BACKGROUND AND PURPOSE: Prevalence and characteristics of ipsilateral upper limb motor-evoked potentials (MEPs) elicited by focal transcranial magnetic stimulation (TMS) were compared in healthy subjects ... [more ▼]

BACKGROUND AND PURPOSE: Prevalence and characteristics of ipsilateral upper limb motor-evoked potentials (MEPs) elicited by focal transcranial magnetic stimulation (TMS) were compared in healthy subjects and patients with acute stroke. METHODS: Sixteen healthy subjects and 25 patients with acute stroke underwent focal TMS at maximum stimulator output over motor and premotor cortices. If present, MEPs evoked in muscles ipsilateral to TMS were analyzed for latency, amplitude, shape, and center of gravity (ie, preferential coil location to elicit them). In stroke patients, possible relationships between early ipsilateral responses and functional outcome at 6 months were sought. RESULTS: With relaxed or slightly contracting target muscle, maximal TMS over the motor cortex failed to elicit ipsilateral MEPs in the first dorsal interosseous (FDI) or biceps of any of 16 normal subjects.
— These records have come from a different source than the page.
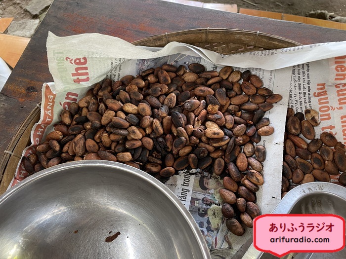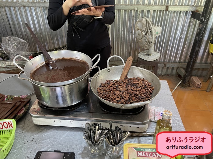 この後、カカオニブをパウダーの粒度まで砕く機械にかけて、できたカカオパウダーにバター、水、を混ぜ1時間弱鍋で煮るとチョコレートになります。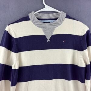 Tommy Hilfiger Rugby Sweater Kids Large (16-18) Blue White Preppy Academia Knit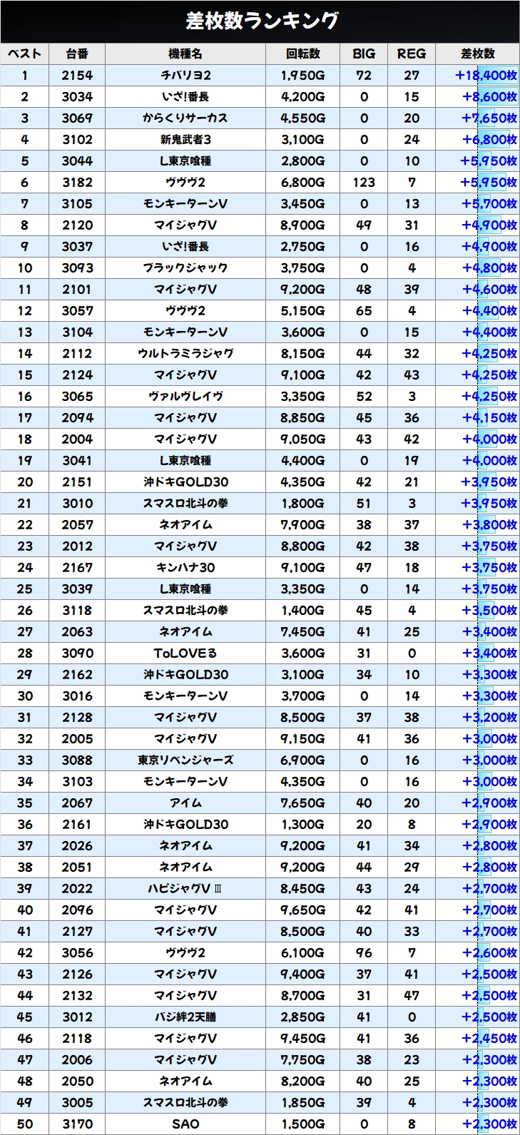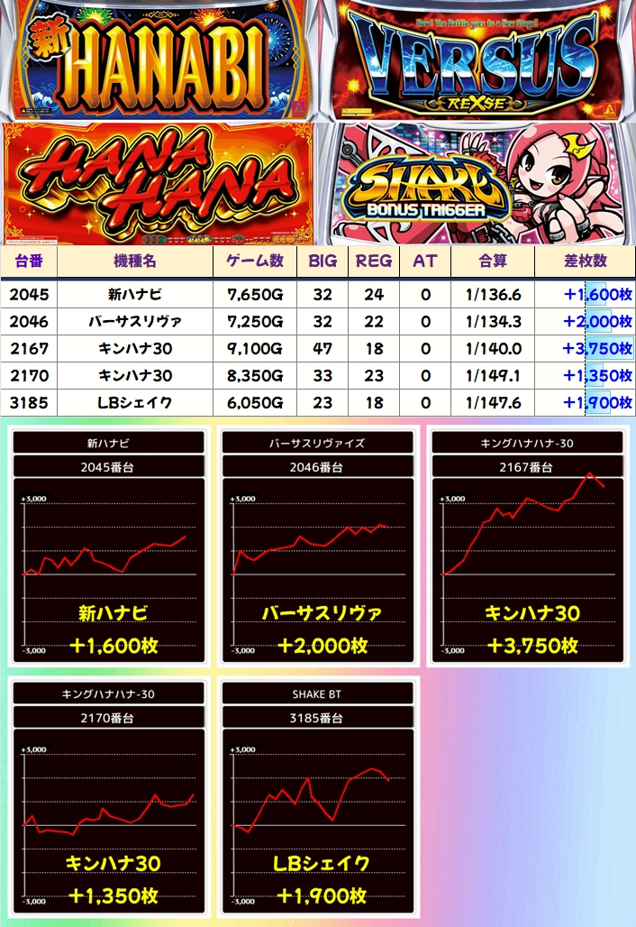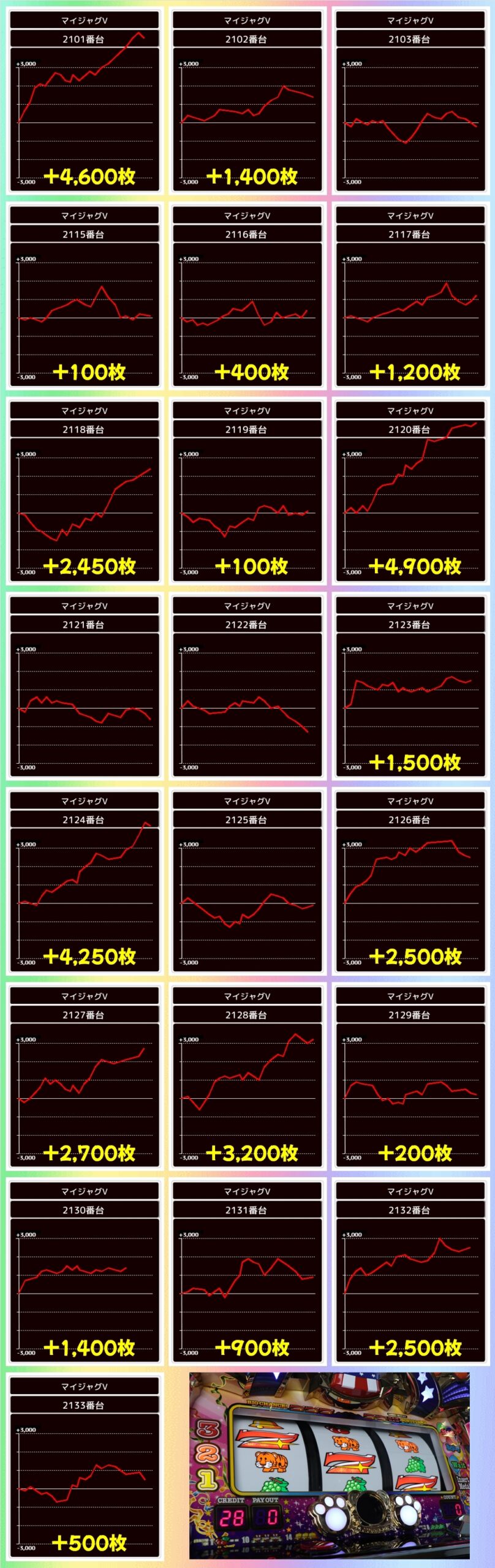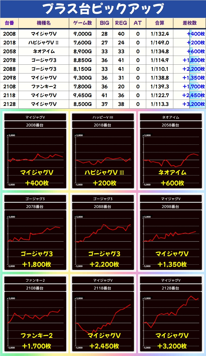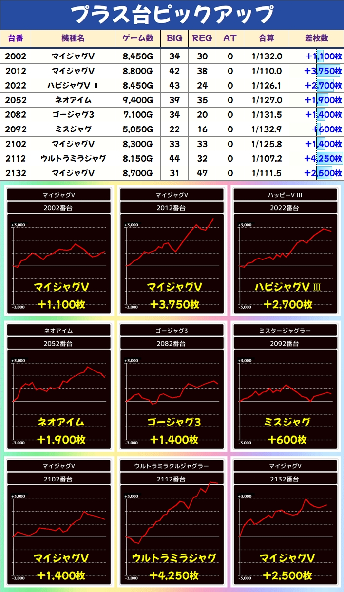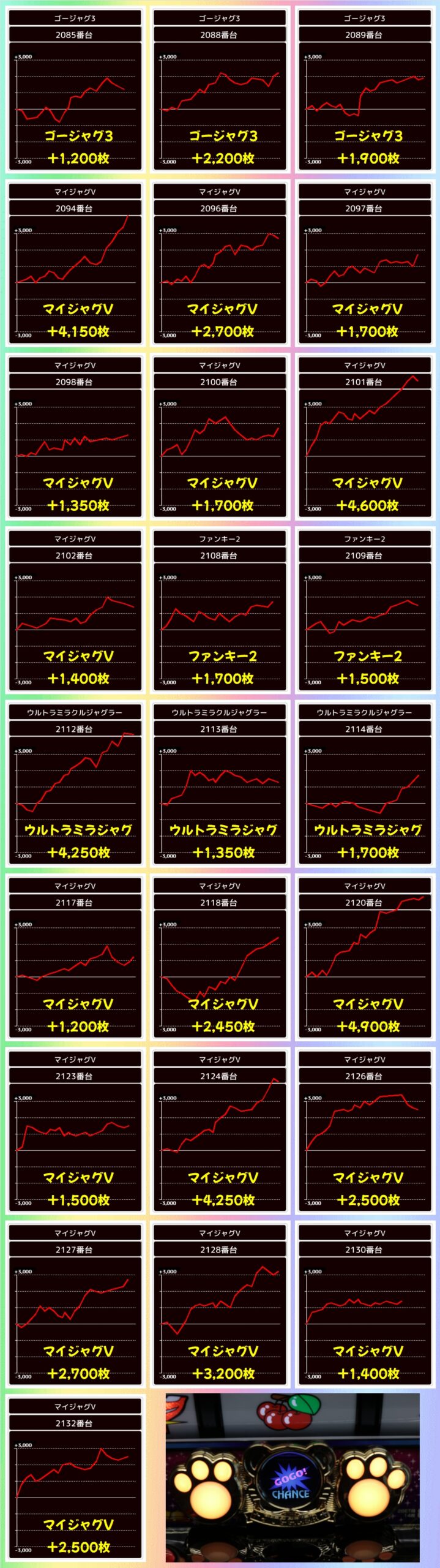 ジャグラーシリーズは9機種中8機種がプラス差枚を記録し、全台系濃厚となった機種も複数確認することができました。

In 5 of 8 healthy subjects tested, ipsilateral MEPs with latencies longer than contralateral MEPs were evoked in FDI muscle (in biceps, 6 of 8 subjects) during strong (>50% maximum) contraction of the target muscle. In 15 of 25 stroke patients, ipsilateral MEPs in the unaffected relaxed FDI (in biceps, 6 of 25 stroke patients) were evoked by stimulation of premotor areas of the affected hemisphere. Their latencies were shorter than those that MEPs evoked in the same muscle by stimulation of the motor cortex of the contralateral unaffected hemisphere. Such responses were never obtained in normal subjects and were mostly observed in patients with subcortical infarcts. Patients harboring these responses had slightly better bimanual dexterity after 6 months. CONCLUSIONS: Ipsilateral MEPs obtained in healthy individuals and stroke patients have different characteristics and probably different origins. In the former, they are probably conveyed via corticoreticulospinal or corticopropriospinal pathways, whereas in the latter, early ipsilateral MEPs could originate in hyperexcitable premotor areas. [less ▲]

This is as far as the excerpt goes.